> Listed records:
= Beginning of Section =

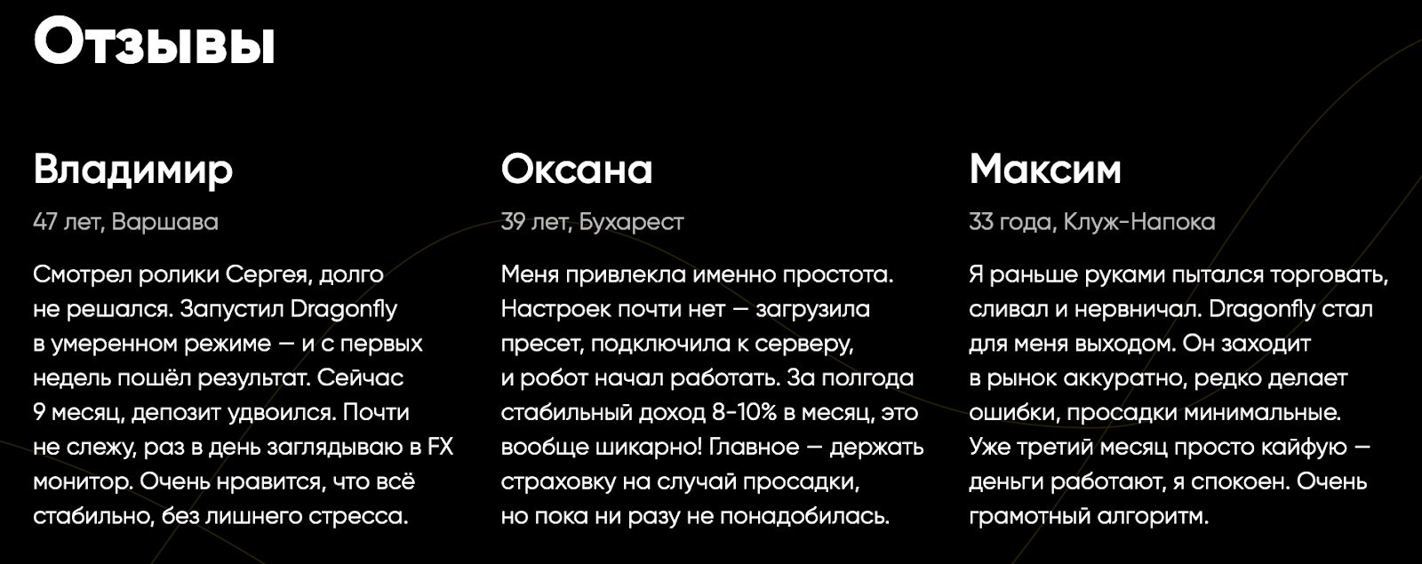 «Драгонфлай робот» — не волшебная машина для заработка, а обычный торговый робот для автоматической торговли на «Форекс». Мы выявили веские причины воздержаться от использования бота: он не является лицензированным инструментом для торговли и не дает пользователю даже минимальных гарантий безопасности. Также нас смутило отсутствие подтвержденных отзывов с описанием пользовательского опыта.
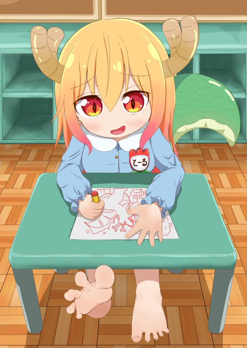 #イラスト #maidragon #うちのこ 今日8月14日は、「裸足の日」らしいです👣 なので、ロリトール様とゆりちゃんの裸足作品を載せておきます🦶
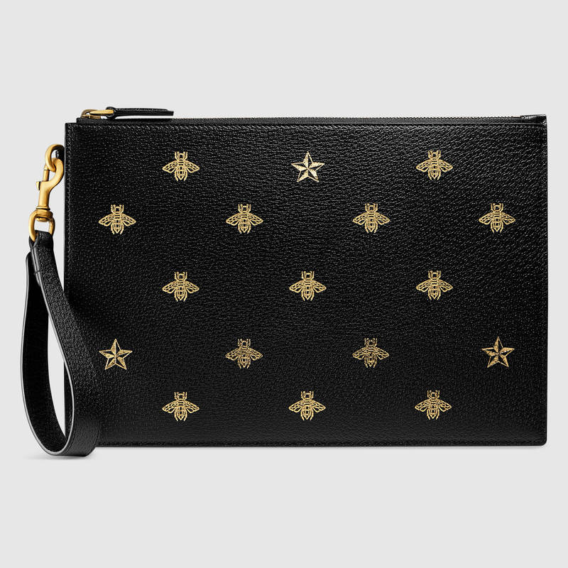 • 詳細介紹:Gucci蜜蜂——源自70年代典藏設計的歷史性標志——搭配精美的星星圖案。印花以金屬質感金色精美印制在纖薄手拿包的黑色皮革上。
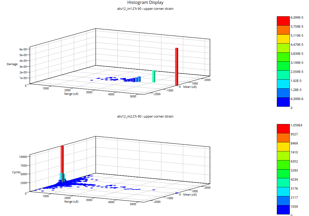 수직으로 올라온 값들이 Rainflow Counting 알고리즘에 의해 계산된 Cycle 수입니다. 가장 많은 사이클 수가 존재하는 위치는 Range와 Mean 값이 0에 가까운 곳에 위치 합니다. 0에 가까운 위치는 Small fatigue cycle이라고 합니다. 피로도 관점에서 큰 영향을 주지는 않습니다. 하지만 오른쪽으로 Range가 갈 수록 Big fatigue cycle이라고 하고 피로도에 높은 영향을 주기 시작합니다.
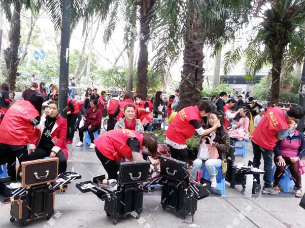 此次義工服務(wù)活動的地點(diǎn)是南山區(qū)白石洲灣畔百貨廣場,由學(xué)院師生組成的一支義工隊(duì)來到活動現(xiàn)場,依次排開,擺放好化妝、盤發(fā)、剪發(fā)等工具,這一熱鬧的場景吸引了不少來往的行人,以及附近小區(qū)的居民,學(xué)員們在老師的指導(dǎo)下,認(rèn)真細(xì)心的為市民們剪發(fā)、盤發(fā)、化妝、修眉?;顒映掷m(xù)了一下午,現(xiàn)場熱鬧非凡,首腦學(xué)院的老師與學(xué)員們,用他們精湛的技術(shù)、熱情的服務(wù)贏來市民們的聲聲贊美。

= End of Section =
= Beginning of Section =

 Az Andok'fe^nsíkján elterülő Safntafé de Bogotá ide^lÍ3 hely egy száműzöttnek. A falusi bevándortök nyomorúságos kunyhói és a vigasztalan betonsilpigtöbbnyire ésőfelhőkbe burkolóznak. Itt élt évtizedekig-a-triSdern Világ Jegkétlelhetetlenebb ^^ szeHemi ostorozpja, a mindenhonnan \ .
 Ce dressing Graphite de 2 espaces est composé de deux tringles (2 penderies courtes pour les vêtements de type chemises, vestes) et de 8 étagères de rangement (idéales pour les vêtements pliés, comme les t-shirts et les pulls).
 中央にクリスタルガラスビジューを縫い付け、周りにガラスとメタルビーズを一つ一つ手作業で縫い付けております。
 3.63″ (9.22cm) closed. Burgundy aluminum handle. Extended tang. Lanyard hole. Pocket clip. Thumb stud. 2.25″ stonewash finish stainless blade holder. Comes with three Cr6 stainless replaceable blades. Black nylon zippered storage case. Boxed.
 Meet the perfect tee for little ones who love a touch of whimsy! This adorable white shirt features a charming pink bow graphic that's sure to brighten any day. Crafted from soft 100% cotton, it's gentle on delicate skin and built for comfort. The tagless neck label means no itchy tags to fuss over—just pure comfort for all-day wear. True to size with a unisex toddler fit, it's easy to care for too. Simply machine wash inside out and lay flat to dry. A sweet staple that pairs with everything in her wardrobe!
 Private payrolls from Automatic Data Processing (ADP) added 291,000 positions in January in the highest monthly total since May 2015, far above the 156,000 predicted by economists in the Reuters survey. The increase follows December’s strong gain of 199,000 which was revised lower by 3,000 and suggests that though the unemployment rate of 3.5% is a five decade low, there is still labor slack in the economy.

= End of Section =
= Beginning of Section =

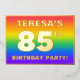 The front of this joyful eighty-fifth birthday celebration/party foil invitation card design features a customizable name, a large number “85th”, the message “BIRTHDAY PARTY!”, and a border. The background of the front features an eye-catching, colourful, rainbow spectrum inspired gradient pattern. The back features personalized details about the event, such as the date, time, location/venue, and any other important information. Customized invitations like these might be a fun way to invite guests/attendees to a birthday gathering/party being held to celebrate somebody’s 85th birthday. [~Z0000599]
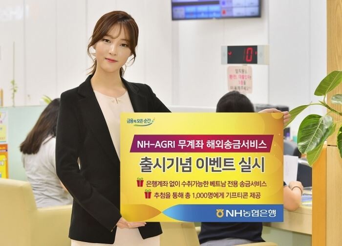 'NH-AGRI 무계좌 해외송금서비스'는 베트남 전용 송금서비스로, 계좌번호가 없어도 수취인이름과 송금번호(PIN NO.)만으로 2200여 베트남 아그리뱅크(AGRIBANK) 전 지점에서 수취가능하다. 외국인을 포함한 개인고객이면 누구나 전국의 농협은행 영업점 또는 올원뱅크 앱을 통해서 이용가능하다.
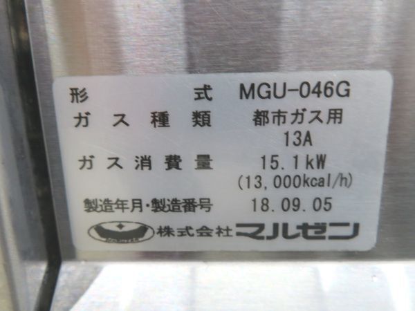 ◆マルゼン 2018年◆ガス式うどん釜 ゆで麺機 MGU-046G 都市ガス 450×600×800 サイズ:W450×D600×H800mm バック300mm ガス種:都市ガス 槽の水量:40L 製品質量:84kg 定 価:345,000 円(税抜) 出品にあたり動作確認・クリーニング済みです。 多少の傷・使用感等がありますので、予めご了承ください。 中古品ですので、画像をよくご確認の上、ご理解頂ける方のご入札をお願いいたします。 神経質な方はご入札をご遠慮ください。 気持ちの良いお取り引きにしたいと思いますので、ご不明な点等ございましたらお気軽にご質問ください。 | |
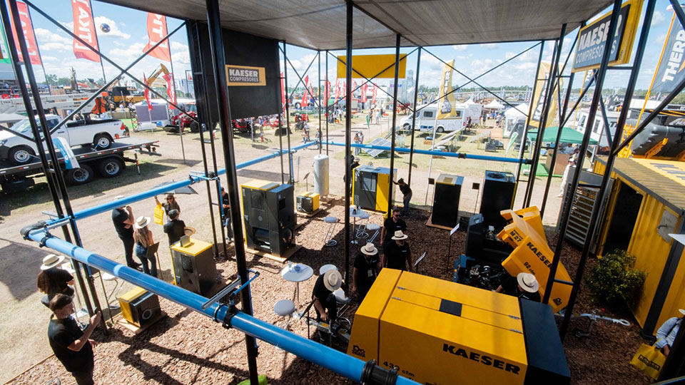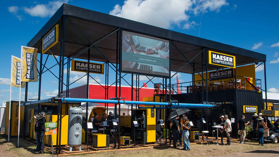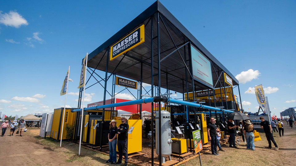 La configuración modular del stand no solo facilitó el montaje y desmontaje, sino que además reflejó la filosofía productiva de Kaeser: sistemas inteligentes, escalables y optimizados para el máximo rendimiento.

= End of Section =

> Work instruction:
Among the records above, locate the line containing "описанием пользовательского опыта." and the line containing "此次義工服務(wù)活動的地", then transcribe exactly the lines starting at the first and ending at the second, with no pictures.

> Answer for this exercise:
 «Драгонфлай робот» — не волшебная машина для заработка, а обычный торговый робот для автоматической торговли на «Форекс». Мы выявили веские причины воздержаться от использования бота: он не является лицензированным инструментом для торговли и не дает пользователю даже минимальных гарантий безопасности. Также нас смутило отсутствие подтвержденных отзывов с описанием пользовательского опыта.
 #イラスト #maidragon #うちのこ 今日8月14日は、「裸足の日」らしいです👣 なので、ロリトール様とゆりちゃんの裸足作品を載せておきます🦶
 • 詳細介紹:Gucci蜜蜂——源自70年代典藏設計的歷史性標志——搭配精美的星星圖案。印花以金屬質感金色精美印制在纖薄手拿包的黑色皮革上。
 수직으로 올라온 값들이 Rainflow Counting 알고리즘에 의해 계산된 Cycle 수입니다. 가장 많은 사이클 수가 존재하는 위치는 Range와 Mean 값이 0에 가까운 곳에 위치 합니다. 0에 가까운 위치는 Small fatigue cycle이라고 합니다. 피로도 관점에서 큰 영향을 주지는 않습니다. 하지만 오른쪽으로 Range가 갈 수록 Big fatigue cycle이라고 하고 피로도에 높은 영향을 주기 시작합니다.
 此次義工服務(wù)活動的地點(diǎn)是南山區(qū)白石洲灣畔百貨廣場,由學(xué)院師生組成的一支義工隊(duì)來到活動現(xiàn)場,依次排開,擺放好化妝、盤發(fā)、剪發(fā)等工具,這一熱鬧的場景吸引了不少來往的行人,以及附近小區(qū)的居民,學(xué)員們在老師的指導(dǎo)下,認(rèn)真細(xì)心的為市民們剪發(fā)、盤發(fā)、化妝、修眉?;顒映掷m(xù)了一下午,現(xiàn)場熱鬧非凡,首腦學(xué)院的老師與學(xué)員們,用他們精湛的技術(shù)、熱情的服務(wù)贏來市民們的聲聲贊美。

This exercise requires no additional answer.